In che misura l’attivazione per il rispetto della legge dovrebbe concentrarsi sulla giustizia criminale, o quanto dovrebbe invece concentrarsi su altri rimedi, tra cui, in particolare, l’applicazione del diritto del lavoro?
In che misura queste pratiche violente possono essere affrontate utilizzando azioni basate sui singoli individui – che siano azioni di polizia contro i colpevoli, o protezione e compensazione per le persone che hanno subito il danno? E in che misura si tratta di pratiche sistemiche, forse profondamente radicate nelle norme e nei valori di qualsiasi società, che necessitano una risposta che vada ben oltre l’applicazione della legge?
A tale proposito, in che misura stiamo parlando di abusi sistemici di vecchia data, frutto di una lunga storia di discriminazione contro gruppi vulnerabili? E in che misura questi nuovi schemi sistemici di abuso sono largamente connessi alla globalizzazione contemporanea?

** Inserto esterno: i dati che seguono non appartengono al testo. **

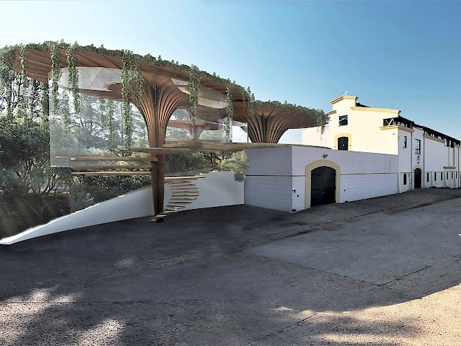 Our proposal was for the new addition to respect the existing building, and to distance itself with it's own strong yet complimentary identity. The disposition of the existing cellar is reminiscent of the Tuscan landscape where buildings would be placed prominently on a hilltop, not only taking advantage of the surrounding views, but in itself dotting the landscape adorned with its surrounding trees, almost in an iconic manner. The idea of these 'iconic' trees is also something that resonates more locally in the nearby town. Once an ‘alien’ introduction to the South African landscape, the Oak tree is now synonymous with the identity of Stellenbosch. Nicknamed the ‘Eikestad’ (City of Oaks), they were originally planted, and encouraged to be planted, by Stellenbosch founder, Simon van der Stel, as the land was very fertile. Today they beautifully line the streets, give shade for lazing students in the hot summer days, and grace the facades of many of the historical buildings. Fittingly; Oak is also well known as the material of choice for the manufacture of wine barrels used during the maturation process of wine, to help wine give its distinct flavours and colour.

É anche importante comprendere il contesto in cui il principale strumento internazionale contro il traffico di esseri umani (1) è stato adottato. Il periodo successivo agli anni ’80 ha visto forti pressioni per la deregolamentazione, portate avanti dalle istituzioni finanziarie internazionali, e l’erosione dei sistemi di protezione sociale a favore delle persone vulnerabili. Questo era il periodo del crollo del vecchio blocco comunista, con l’apertura delle frontiere e il movimento internazionale di massa di persone, donne in particolare, in cerca di nuove opportunità. C’era anche una straordinaria discrepanza tra le politiche economiche di molti paesi più ricchi, che cercavano di attrarre lavoratori migranti nella fascia più bassa e spesso meno regolata del mercato del lavoro, e le politiche di controllo dei confini tese a fermare il flusso di persone. Queste incongruenze sistemiche hanno inevitabilmente contribuito al traffico di donne e anche uomini, in gran parte attraverso intermediari e agenzie di reclutamento senza scrupoli, operanti sia nei paesi di partenza sia nei paesi di destinazione.

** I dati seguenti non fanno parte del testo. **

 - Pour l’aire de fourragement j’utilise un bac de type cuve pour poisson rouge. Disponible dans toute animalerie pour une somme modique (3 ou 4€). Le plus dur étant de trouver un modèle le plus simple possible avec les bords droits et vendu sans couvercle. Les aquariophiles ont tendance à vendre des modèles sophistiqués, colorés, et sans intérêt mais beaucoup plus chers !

Il Protocollo contro il traffico di esseri umani (e le tensioni presenti al suo interno) deve essere letto in questa luce. Si tratta per definizione di uno strumento internazionale di applicazione della legge, essendo parte di un più ampio strumento delle Nazioni Unite (NU) contro la criminalità organizzata transnazionale. Allo stesso tempo la sua stesura è stata fortemente influenzata da gruppi di pressione per i diritti umani, e da agenzie delle Nazioni Unite e altre agenzie internazionali impegnate a favore dei diritti umani, della protezione sociale e dei diritti del lavoro. Per questo combina le famose ‘3 P’ di prevenzione, protezione e perseguimento penale (insieme a partenariato e cooperazione internazionale), oltrepassando ampiamente i confini di un tradizionale strumento di applicazione della legge.

Inoltre il Protocollo contro il traffico di esseri umani si concentra sullo scopo del trafficking, ossia lo scopo dello sfruttamento. Questo è un concetto difficile, certamente mai definito nella legislazione internazionale, e soggetto a molteplici interpretazioni. Il buonsenso suggerisce che le persone sono sfruttate quando vengono trattate ingiustamente, quando non ricevono un giusto compenso (per esempio come stabilito dalle leggi sul salario minimo da corrispondere per il loro lavoro o servizio), e quando gli ‘sfruttatori’ traggono vantaggio dalla loro vulnerabilità per ricavare ingiusti profitti. Ma dove dovremmo segnare i confini, dato che ci sono ovvie gradazioni di questo sfruttamento?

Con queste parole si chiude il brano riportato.